«Vive l'Empereur! Vive le roi de Rome!»
Le déjeuner fini, Napoléon dicta devant Beausset son ordre du jour à l'armée.
«Courte et énergique,» dit-il après avoir lu cette proclamation qu'il avait dictée d'un jet.
«Soldats!
«Voilà la bataille que vous avez tant désirée! Désormais la victoire dépend de vous; elle nous est nécessaire, elle nous donnera l'abondance, de bons quartiers d'hiver et un prompt retour dans la patrie.
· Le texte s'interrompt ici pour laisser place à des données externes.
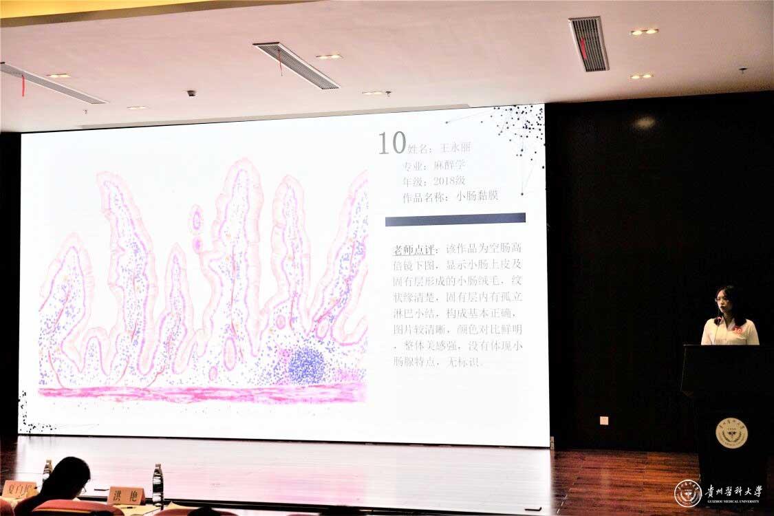 同学们对自己的作品创作进行了精彩的阐述,经过评委老师们的认真评审最后口腔医学院黄丽同学的作品《淋巴之美》荣获一等奖,基础医学院李晏宁同学的作品《生精小管》、基础医学院代亚芸同学的《卵巢仿真图及各级卵泡》和来自海外学院的Erica的《肝小叶或门管区》荣获二等奖,海外学院的MalikMuhammadZain-ul-Abideen同学的作品《卵巢》、基础医学院郭甜甜同学的作品《卵巢》、基础医学院梁会同学的作品《肾小体》、医学检验学院张陈晨同学的作品《初级卵泡组织切片光镜下示意图》、麻醉学院王永丽同学的《小肠黏膜光镜绘图》荣获三等奖,口腔医学院糜文乐同学的《斑斓》和医学影像学院周志博同学的《肝小叶》荣获最佳人气奖。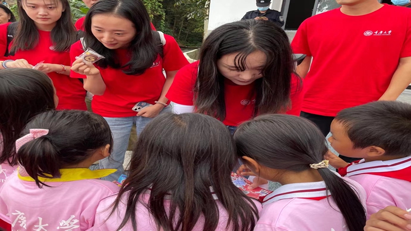当天下午,实践团于拉祜寨感恩广场向拉祜寨儿童捐赠衣服、文具等物资,与孩子们亲切互动,送上实践团的温暖与祝福,过程欢声笑语不断。随后,实践团向当地居民分发实践团制作的漫画普法宣传口袋书,用简洁易懂的漫画配合法律条文,向拉祜寨居民普及法律知识。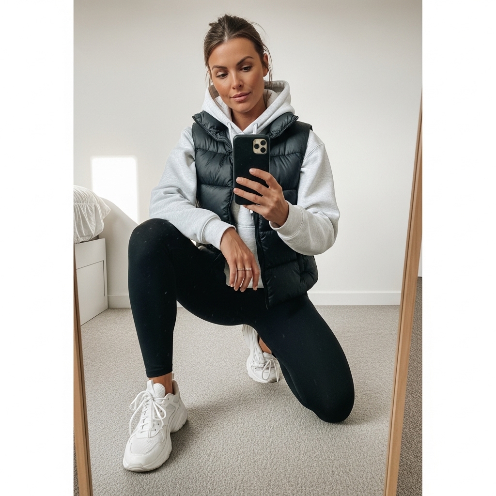 Athleisure meets chic in this trendy fall combo. Pair a sleek puffer vest with leggings, a cropped hoodie, and sneakers. It’s perfect for running errands or casual outings. Go for a glossy or matte vest finish and experiment with fall tones like forest green or cinnamon brown. It’s a sporty yet fashionable outfit that’s functional and cute.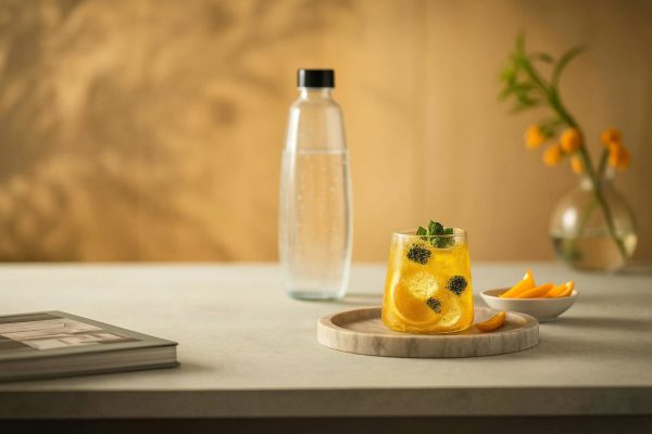 Nejprve připravte čerstvou perlivou vodu ve vašem výrobníku SodaStream. Do hotové perlivé vody pomalu přilijte dávku příchutě Pomeranč Mango Zero podle svých chuťových preferencí – ideálně po stěně lahve, a poté jemně promíchejte. Sklenici naplňte ledem, přidejte plátek limetky, čerstvou nebo mraženou malinu a lístek máty. Ozdobte kouskem celé skořice. Výsledný nápoj je voňavý, exotický a krásně osvěžující – ideální jako stylový drink pro letní večery s přáteli.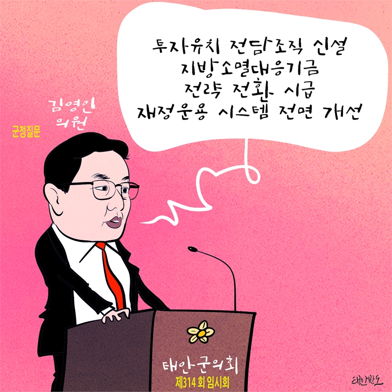제314회 태안군의회 임시회 군정질문 주요내용“투자유치 전담조직 신설·지방소멸대응기금 전략 전환 시급” “예ㆍ결산 지적사항 개선과 효율적 운용방안 필요”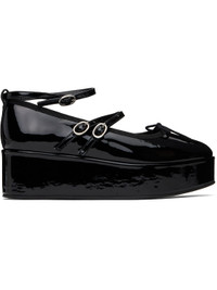 Patent leather Mary Jane-style ballerina flats in black. · Bow accent and pin-buckle straps at vamp · Grosgrain trim at collar · Detachable pin-buckle ankle strap · Buffed lambskin lining · Covered platform midsole · Rubber sole · Platform: H2" Supplier color: Black Upper: leather. Sole: rubber. Made in Portugal 251296F118095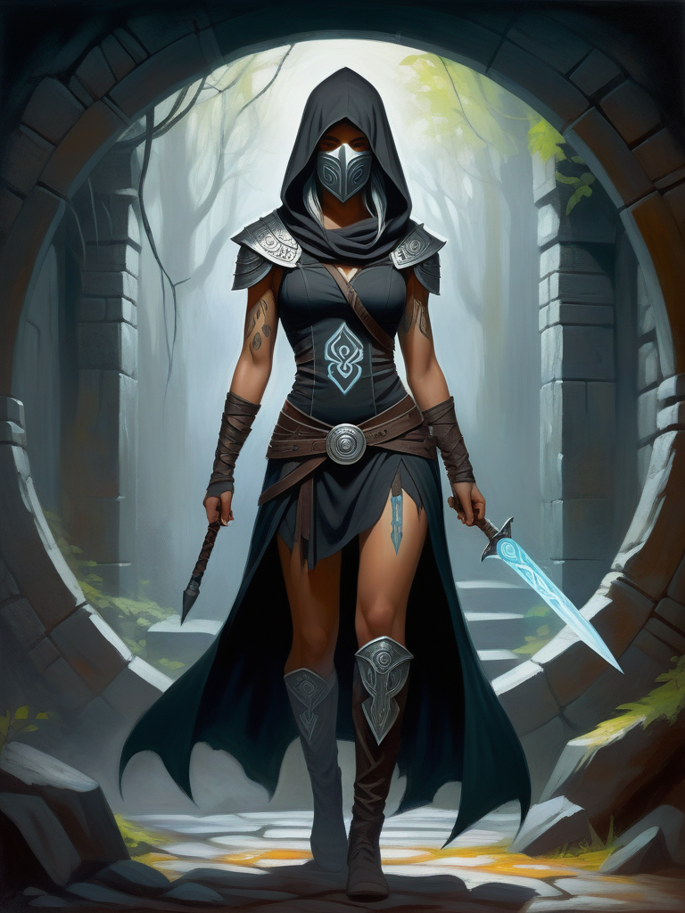 <lora:NatureLandscapePainting01_Hap_XL:2.8>, <lora:add-detail-xl:0.3>, nature,serene,oil painting,brushstrokes painting,illustration,impressionistic,visual depth, Digital painting. Full body. In a dark fantasy dungeon, a mysterious female , muscular, dark canvas clothes, canvas hood, war mask, silver ornaments. Runic tattoos. Mystic power. glowing eyes. Power Runic circle. Dimensional portal. Sensual and dangerous. ais-darkpartz. colorful. DarkFantasy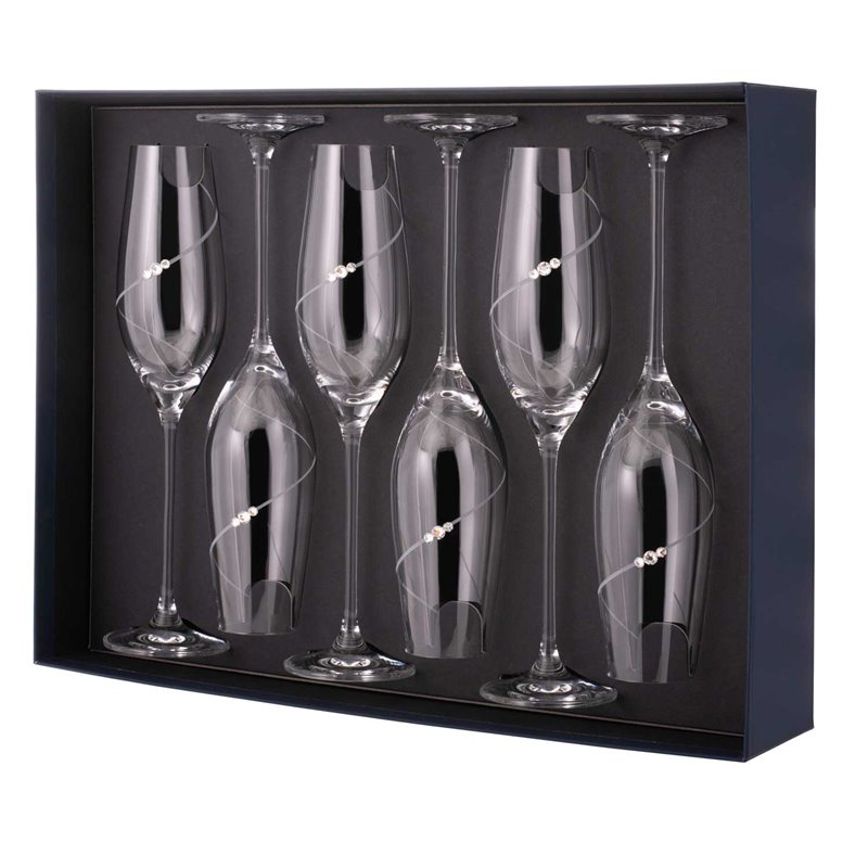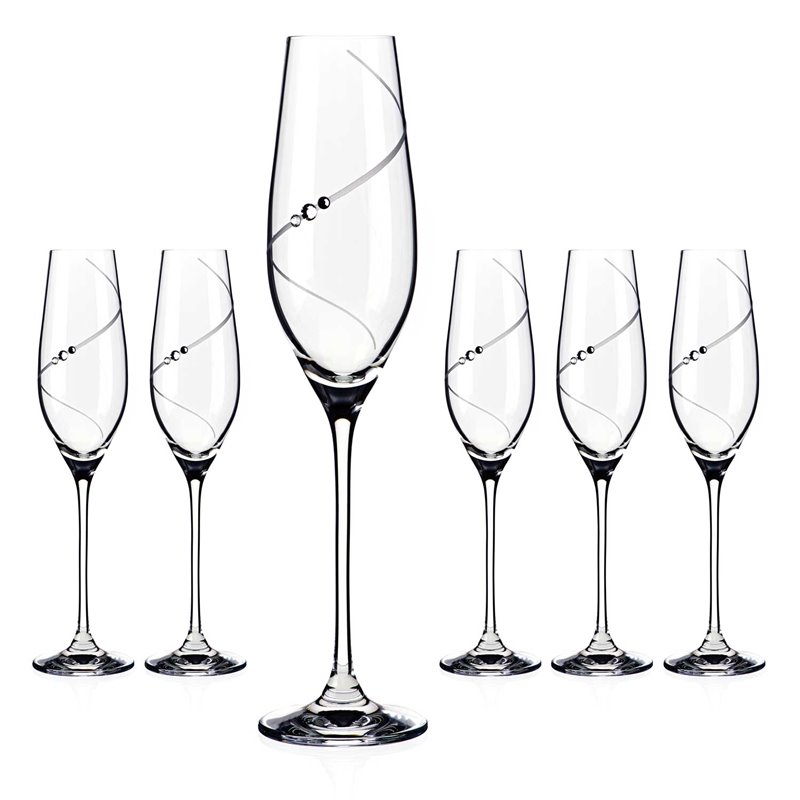 Sada šiestich pohárov na všetky druhy šumivých vín ako napríklad šampanské, alebo prosecco. Poháre majú obsah 210ml a sú zabalené v modro-čiernej krabici Diamante® Epitome. Každý pohár je brúsený s jemnou špirálou a ručne zdobený s tromi Swarovski® kamienkami.

Conduisez-vous comme à Austerlitz, à Friedland, à Vitebsk, à Smolensk, et que la postérité la plus reculée cite avec orgueil votre conduite dans cette journée; que l'on dise de chacun de vous: «Il était à cette grande bataille!
«Napoléon.»
Après avoir invité Monsieur de Beausset, qui aimait tant les voyages, à l'accompagner dans sa promenade, il sortit avec lui de sa tente, et se dirigea vers les chevaux qu'on venait de seller.
«Votre Majesté est trop bonne,» dit de Beausset, quoiqu'il eût fort envie de dormir et qu'il ne sût pas monter à cheval: mais, du moment que Napoléon avait incliné la tête, force fut à Beausset de le suivre.
À la vue de l'Empereur, les cris des vieux grognards qui entouraient le tableau devinrent frénétiques. Napoléon fronça les sourcils.
«Enlevez-le, dit-il en indiquant le portrait: il est encore trop jeune pour voir un champ de bataille!»